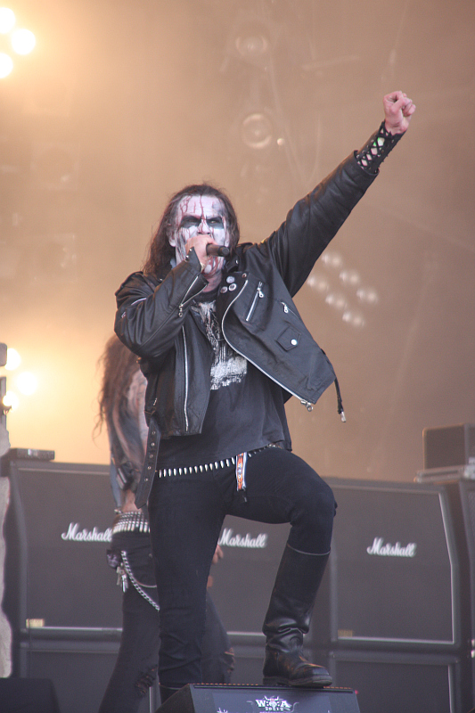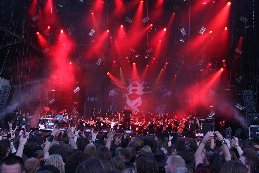 DIMMU BORGIR spielen nicht zum ersten Mal in Wacken, aber zum ersten Mal mit echtem Orchester und großem Chor, wodurch die Bühne natürlich brechend voll ist. Der symphonische Black Metal der Band eignet sich natürlich perfekt für eine solche Umsetzung, bedingt aber, dass der Sound auch wirklich gut abgemischt ist, damit das Ergebnis auch wirklich überzeugen kann. Falls jemand die Aufzeichnung des ZDF gesehen hat und der Meinung ist, dass eben dies nicht der Fall war, dem sei gesagt: vor der Bühne ist der Sound wirklich perfekt und macht den Auftritt zu einem wirklich unvergesslichen Erlebnis. Was wohl auch für die Orchestermusiker gelten dürfte, von denen sich ein paar sogar schwarzmetallisch angemalt haben, wie man auf den großen Videoleinwänden sehen kann. Auch ist der Kontrast zwischen den Bühnenoutfits von Shagrath, Galder und Silenoz und dem klassichen Orchesteroutfit interessant anzusehen. Gespannt durfte man dahingehend sein, welche älteren Songs mit Orchester dargeboten werden. Dass viele Songs vom aktuellen Album "Abrahadabra" gespielt werden würden, ist klar, denn auf diesem Album haben DIMMU BORGIR ja auch mit einem echten Orchester gearbeitet. Und so werden zunächst ausschließlich Songs des leider recht schwach geratenen Albums gespielt. Andererseits muss man aber auch festhalten, dass eben diese Songs in der Livesituation mit Orchester und Chor wesentlich spannender sind, als auf dem Album.
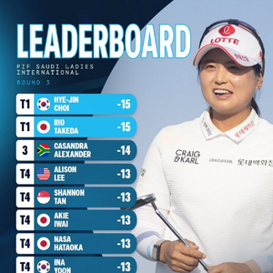 韩国选手崔慧珍在首轮比赛后就成为并列领先者,今天在利雅得高尔夫俱乐部进行的第三轮比赛中打出65杆(-7),再次攀升至领先榜榜首。
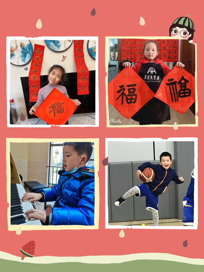 我们还会做些体育锻炼,强健体魄;快过年啦,我还可以写春联写福字,亲戚朋友们都夸我是个棒棒的孩子。
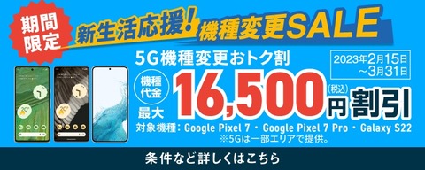対象機種は5G対応スマートフォン(スマホ)「Pixel 7」および「Pixel 7 Pro」(ともにGoogle製)や「Galaxy S22 SCG13」(Samsung Electronics製)の3機種。適用条件は直近のご購入機種を12カ月目以上利用していることに加え、対象料金プランおよび対象の「故障紛失サポート」に新たに加入するかすでに加入していていて継続することとなっています。
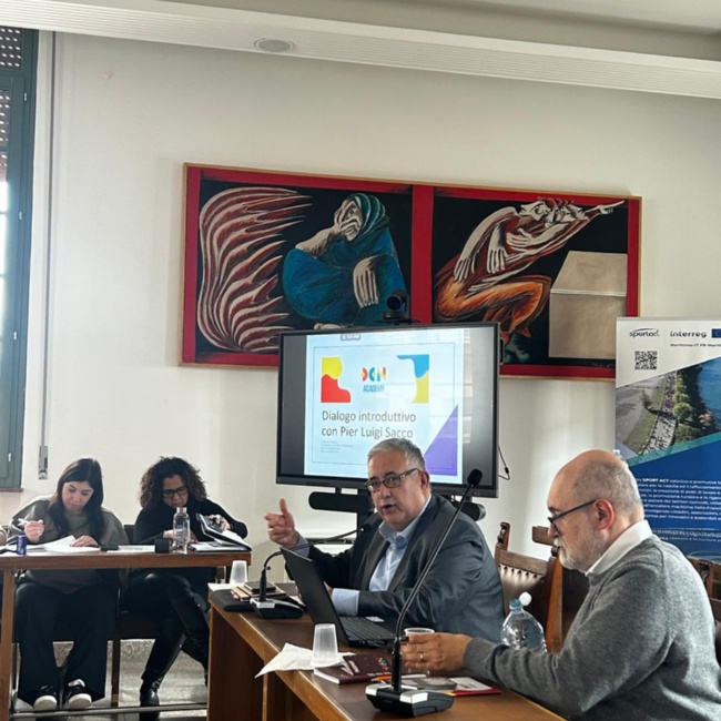 All’incontro hanno preso parte Francesco Timpano, responsabile scientifico della DCN Academy e docente dell’Università Cattolica del Sacro Cuore, e Pierluigi Sacco, professore ordinario dell’Università degli Studi “G. d’Annunzio” di Chieti-Pescara, tra i più autorevoli esperti italiani di economia della cultura e distretti culturali.
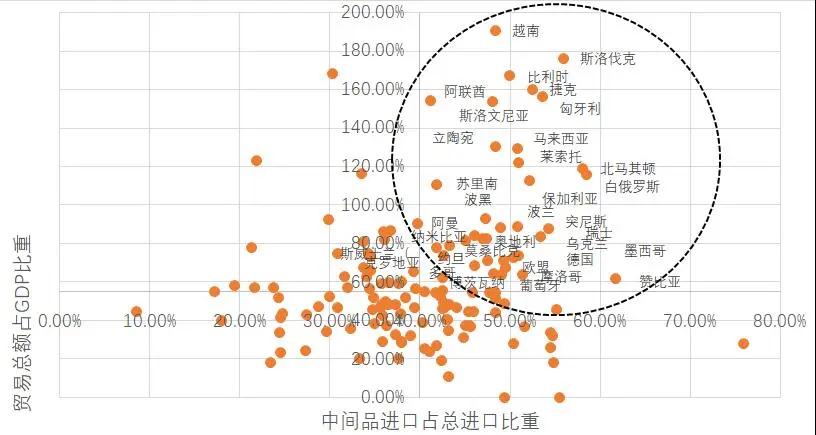 我們計(jì)算了世界各國(guó)中間品進(jìn)口額占總進(jìn)口額的比重、從中國(guó)進(jìn)口的中間品占其全部中間品進(jìn)口的比重以及各國(guó)貿(mào)易總額占GDP的比重。如果一國(guó)的前兩個(gè)指標(biāo)比較高,則說(shuō)明該國(guó)對(duì)中國(guó)的中間品進(jìn)口有較高的依賴度。在此基礎(chǔ)上,若該國(guó)同時(shí)擁有較高的對(duì)外貿(mào)易依存度,則說(shuō)明該國(guó)的整體經(jīng)濟(jì)對(duì)中國(guó)進(jìn)口的依賴程度更高,進(jìn)而表明該國(guó)在此次新冠疫情中會(huì)受到較大沖擊。
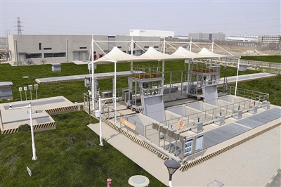 該項(xiàng)目是空港區(qū)域首個(gè)系統(tǒng)性海綿城市調(diào)蓄工程,集控制初期雨水徑流污染、削減洪峰流量和排放雨水三重功能于一身,總規(guī)劃收水范圍為航空產(chǎn)業(yè)區(qū)內(nèi)343公頃,包含9條道路和2座調(diào)蓄池。兩座調(diào)蓄池占地面積約為10000平方米,道路雨水出水管道長(zhǎng)度約為18480米,人行道透水鋪裝約為61000平方米,調(diào)蓄泵站峰值排放流量14.6立方米/秒。該項(xiàng)目于2020年11月開(kāi)工,已順利完工驗(yàn)收,計(jì)劃今年年內(nèi)投入使用。
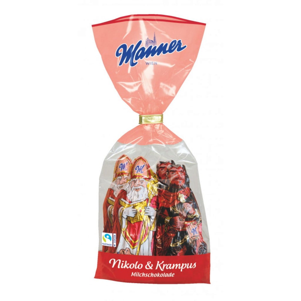 Den 5 och 6 december är det St Nicholas och Krampus Day igen. Under dessa dagar får naturligtvis inte de traditionella Manner-figurerna gjorda av mjölkchoklad som smälter i munnen saknas. De 4 bitarna väntar bara på att bli uppätna med glädje. Vegetariskt recept, utan gluten och utan ägg.
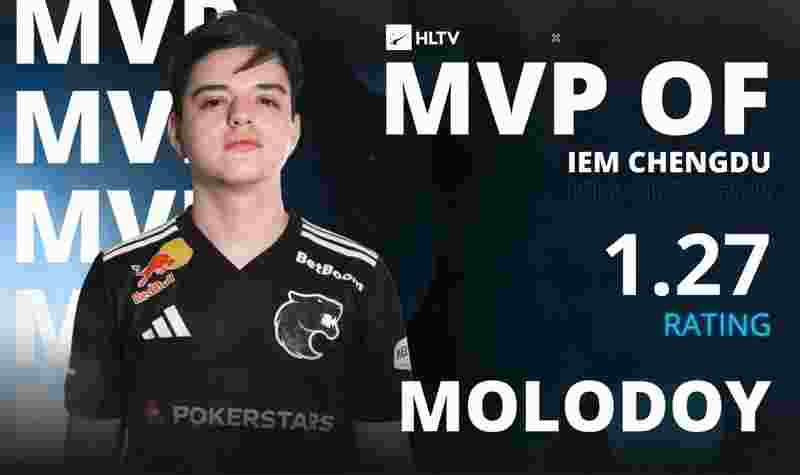 而molodoy凭借在本次赛事的多次优秀发挥成功夺得IEM成都MVP!这位来自哈萨克斯坦的狙击手今年已第二次斩获“最有价值选手(MVP)”。年仅20岁molodoy未来可期,这也是这位新星在其职业生涯首年中斩获的第二座MVP——今年九月他已在FISSURE Playground 2赛事中荣膺MVP。
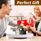 【Dimensions】:Our wood lazy susan organizer diameter is 12inch/30cm .The total height is 2 inch/5 cm. Large enough for you to use, you can place cups, condiment boxes, small forks, spoons and more. There are large beads on the outside of the lazy susan turntable, the diameter of the beads is 1 inch/2.54 cm,featuring a farmhouse Bohemian style that meets your decorative needs. 【Gorgeous Beaded Tray】:This beaded lazy susan is made by high quality solid wood mixed with high density composite wood which is sturdy and durable. The non-slip mat on the bottom will protect your table from being scratched. It's Safe and wearable, not easy to deform or break, and its surface is polished so smooth that it won't scratch your hands or things, which allows you to use for a long time. Have NO strong odor. 【Wide Application】:It is not only a wooden lazy susan spice rack, but also can be used as makeup organizer, drink/snacks organizer, ideal for bathroom, bedroom, office or anywhere that you need additional organization. 【360°Rotating Tray】:The beaded kitchen turntable is in the shape of round, designed with beads on its surface and a rotatable bottom, white or brown as the main color, simple but elegant, bringing you a nice using experience. The kitchen lazy susan turntable can rotate 360 degrees. Our farmhouse round lazy susan is surely an eye catching and a conversation piece. Place it as a centerpiece on your kitchen counter, dining table, entry way table and MORE! 【Perfect Gift】:Give our special beaded lazy susan to your special ! Perfect farmhouse table decor for Birthdays, Christmas, Weddings, Anniversaries, Parties, Office, House Warming etc. Also nice addition to your kitchen counter, dinning table, coffee table, entry way and MORE! 【Good Service】:If there is any damage or dissatisfaction with the decorative beaded lazy susan, feel free to us! It is our responsibility to the quality you deserve.

◇ ◇ ◇

*Directions*
Set down word for word the lines above from the one with "韩国选手崔慧珍在首轮比赛后就" up to and including the one with "対象機種は5G対応スマートフォン(スマホ)「Pixel 7」および「Pixel 7". Omit every picture.

*Your solution*
 韩国选手崔慧珍在首轮比赛后就成为并列领先者,今天在利雅得高尔夫俱乐部进行的第三轮比赛中打出65杆(-7),再次攀升至领先榜榜首。
 我们还会做些体育锻炼,强健体魄;快过年啦,我还可以写春联写福字,亲戚朋友们都夸我是个棒棒的孩子。
対象機種は5G対応スマートフォン(スマホ)「Pixel 7」および「Pixel 7 Pro」(ともにGoogle製)や「Galaxy S22 SCG13」(Samsung Electronics製)の3機種。適用条件は直近のご購入機種を12カ月目以上利用していることに加え、対象料金プランおよび対象の「故障紛失サポート」に新たに加入するかすでに加入していていて継続することとなっています。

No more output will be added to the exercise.